For the efficiency of information retrieval, most of the participants (10/14) compared the voice assistant with their usual Google search. Some of them (2/14) conclude that it would be faster to just read over the information quickly, whereas the majority emphasizes the situated learning and accompanied embodied experience. Some also add that specific information like why the eyes cloud are probably not found at the first search online (P2, P3, P4). Nonetheless, time-conscious participants (3/14) suggest having a quick overview of the total of fish characteristics at the beginning of the dialog. Thus, they can get the first impression of a high-quality condition of the fish. Furthermore, P12 notes that there is always the possibility to skip some parts of the coaching by voice command “Further.”

Quite well, because the written form is just, I think if you want to have a quick look, whether it is still good or whether it is already spoiled.
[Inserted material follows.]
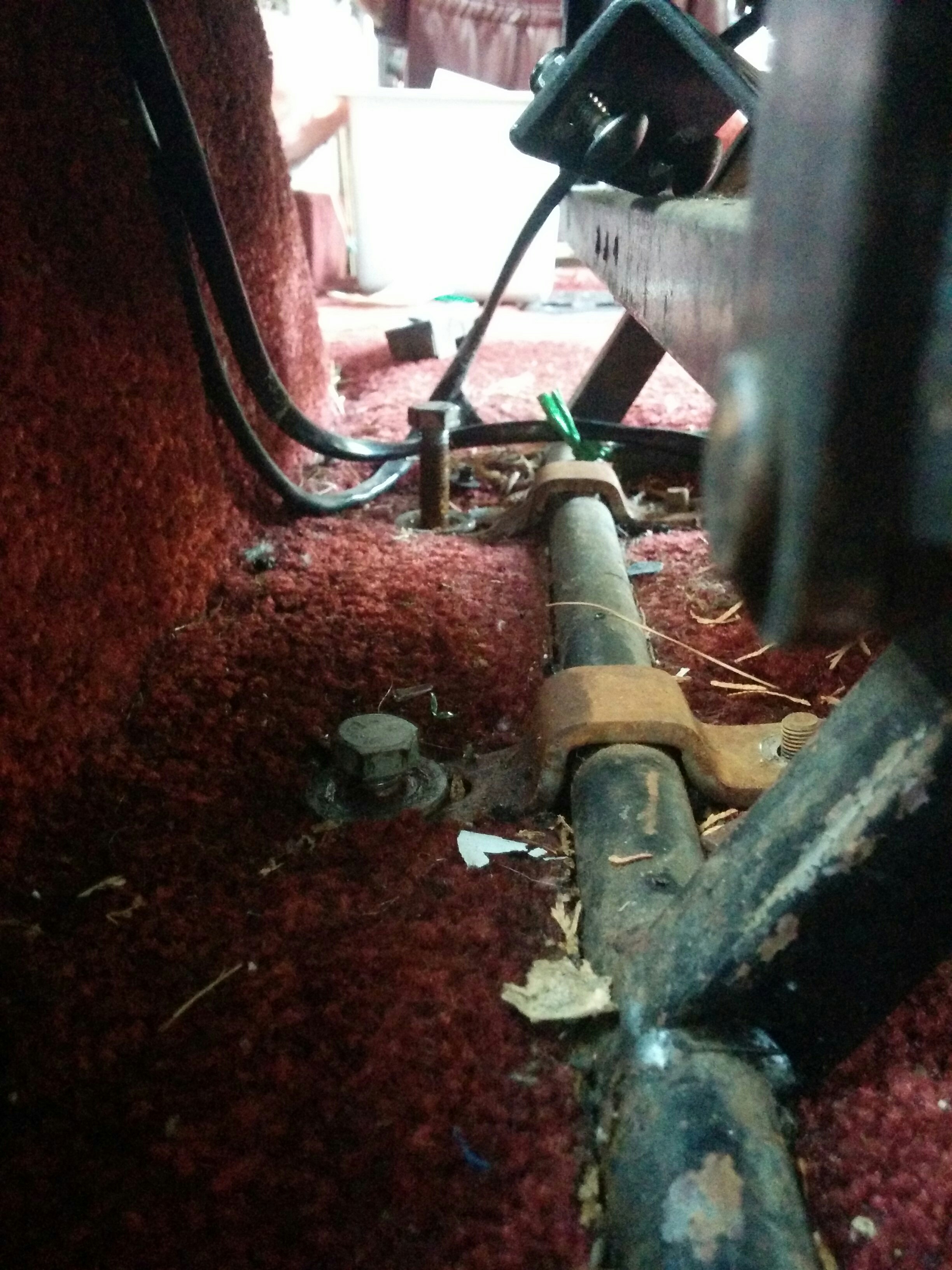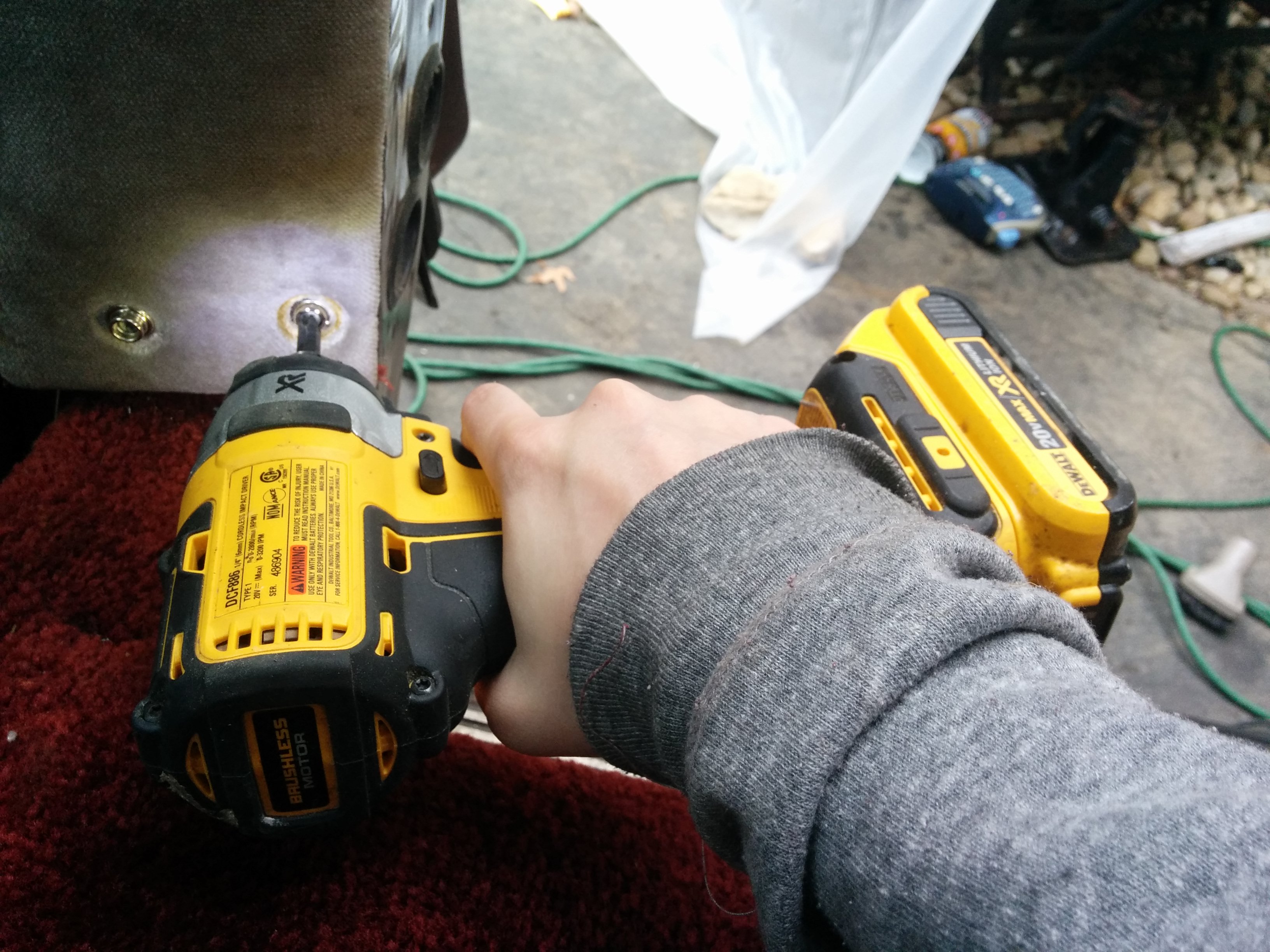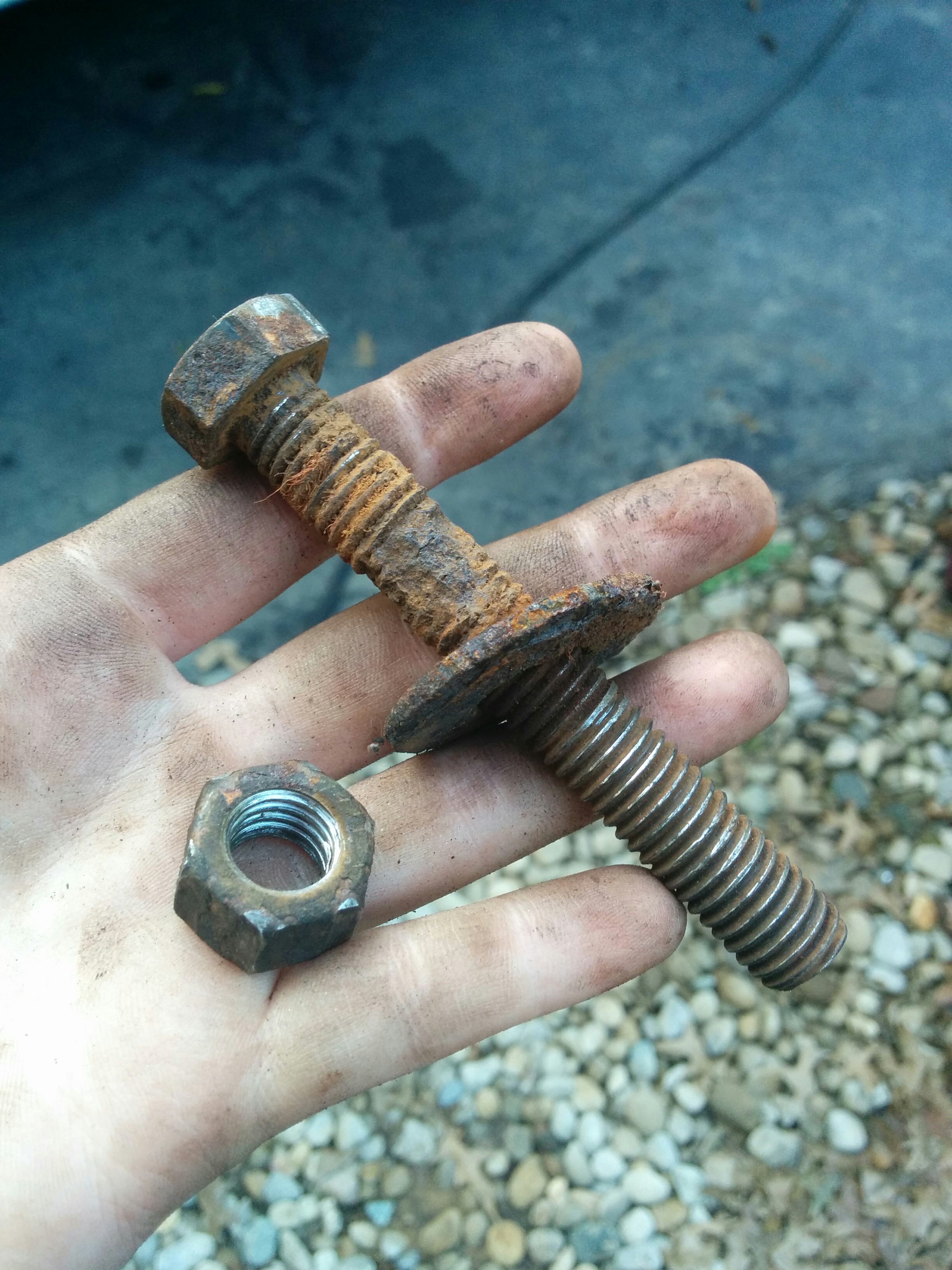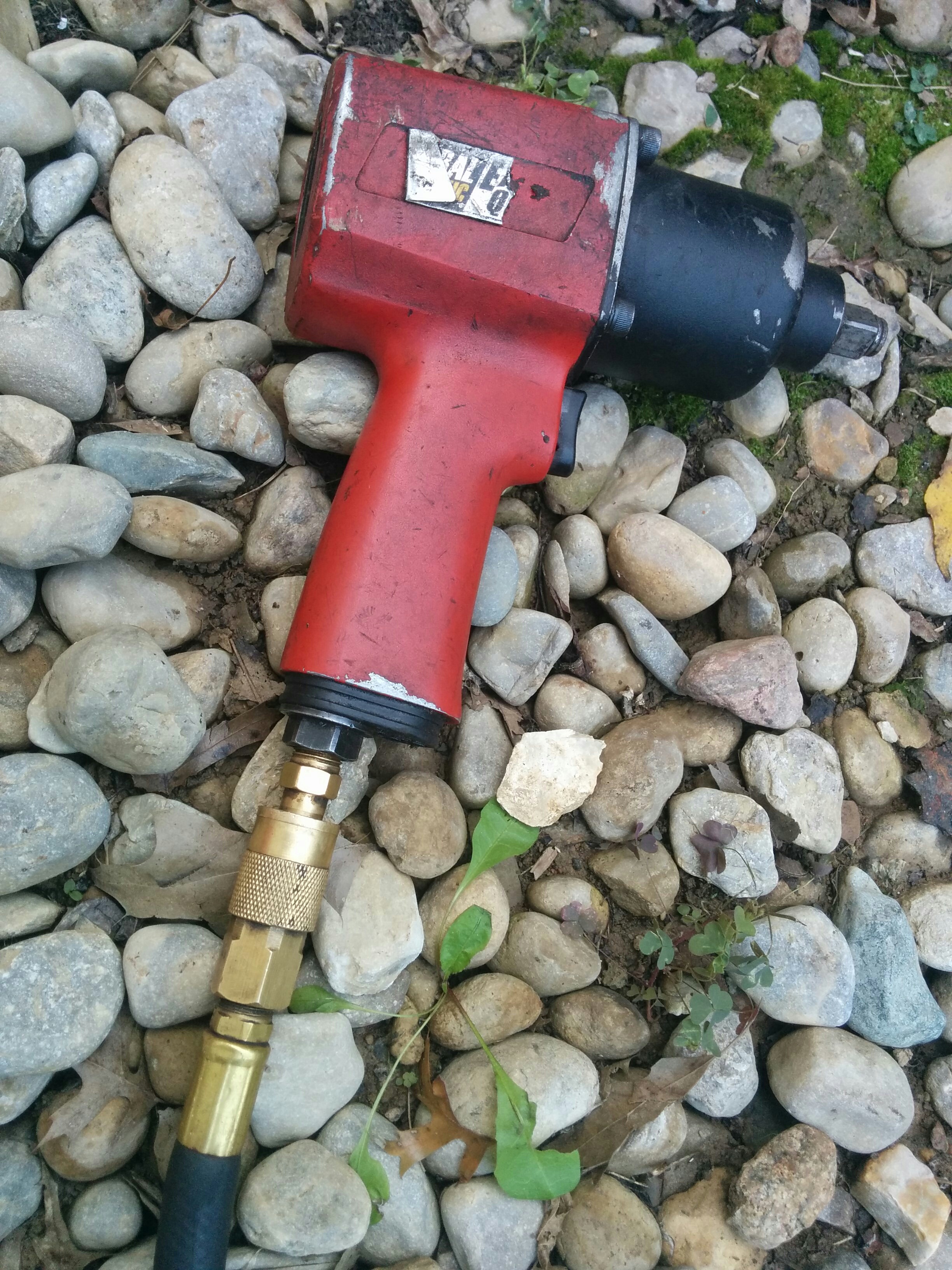I had not encountered these tools before. The thing on the left is an air tank powered “impact wrench” (which we definitely needed) and then on the right an “angle grinder” (for cutting the bolt off, if it came down to it, which iirc it did not). This would become a common theme with the van: everything was stuck in place somehow, typically by rust, making simple tasks into difficult battles.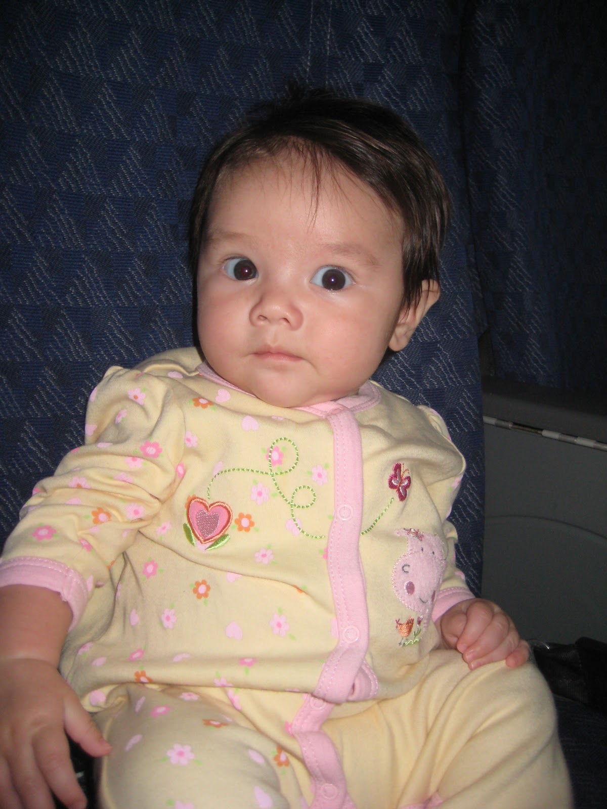 Once we got through security we bought some food and water and waited for our plane. Once we boarded, it took us a while to get settled and comfortable in our seats. We learned very quickly that if you think your seat is tight with just yourself in it, try having a baby sprawled out on your lap. She did great though and slept most of the way on Lucas and woke up about 45 minutes prior to landing, giving us just enough time to change her diaper and give her a bottle.

Then it is so cumbersome to enter it somewhere, then just look for something or look it up somewhere. Same with the video. I had to find something first and I want to know it directly. And that is why you simply talk into the room, tap your cell phone, the voice assistant turns on. For me, this is one of the easiest ways to do it, instead of having to look for something somewhere and read it.–P12

Furthermore, they reflect on the modality of speech and its appropriateness to convey knowledge. P3 and P8 note that it might be difficult to teach someone how hard to press on the skin. Although many of the participants (10/14) mention they use visual media like Youtube videos and TV shows, they rather watch it for inspiration than step-by-step guidance.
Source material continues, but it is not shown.